Volunteer dog handling is a popular choice for Iditarod volunteers, especially those who may only get to experience the ceremonial start in downtown Anchorage. But it is one of the tougher positions for sure. If you’ve never been near a dog team just about to start a race, you are missing one of the most exciting things in the world. The dogs are jazzed and start to yap and yowl. They lunge forward in their harnesses and jump up into the air. A dog handler assists the musher in getting the team to the start line. This simple sounding task is actually quite an athletic event because it involves running through snow, stopping, and keeping a race dog from going too quickly from the musher’s staging spot to the start line.
The four-footed sportsters that run this race are well-loved and valuable family members of the mushers. They are also surprisingly strong, and especially powerful at the start line of a race. To be a handler, one has to attend the class, practice, and get a dog handler’s card prior to the race.
The Anchorage Start coordinator, Karl, the Anchorage Start Dog Handler Lead and Re-start Dog Handler Lead and Iditarod veteran musher, Wayne Curtis met with a group of folks at Iditarod headquarters early Saturday morning to lead a class and give the training. Each person gave important advice on how to be appropriately dressed and the “dos” and “don’ts” of being a handler so that all dogs and people are safe.

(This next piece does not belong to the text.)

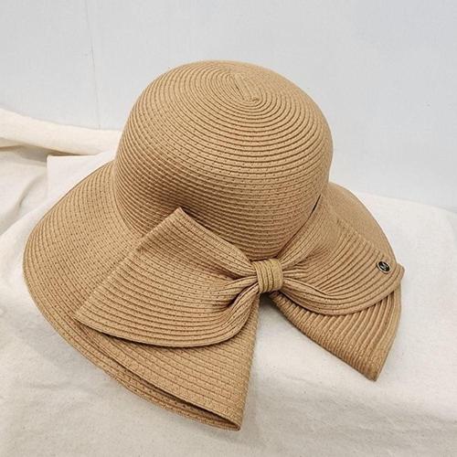 여자 해외여행 왕골 휴양지 밀집모자 빅리본 버킷햇 WFLZ6JQ

After the classroom portion of the training, attendees got to work with Wayne Curtis and his beautiful Siberian dogs to practice. He described how the dogs should be lined up then took the volunteers around part of the loop at headquarters, practicing stopping and starting again.
Like other areas of the race, these volunteers come from all walks of life. One couple has just moved to the area with their 10 sled dogs; their special connection is that they have dogs from Leonhard Seppala’s bloodlines. Another group of young people are with a program called Adventure Service, a gap year program for teens. Thank you to all of our volunteers, without whom this race could not be run!
The volunteers returned from their practice smiling, winded, and obviously having a good time. We hope to see them all at the start and restart, plus the others that will be trained the week before the race.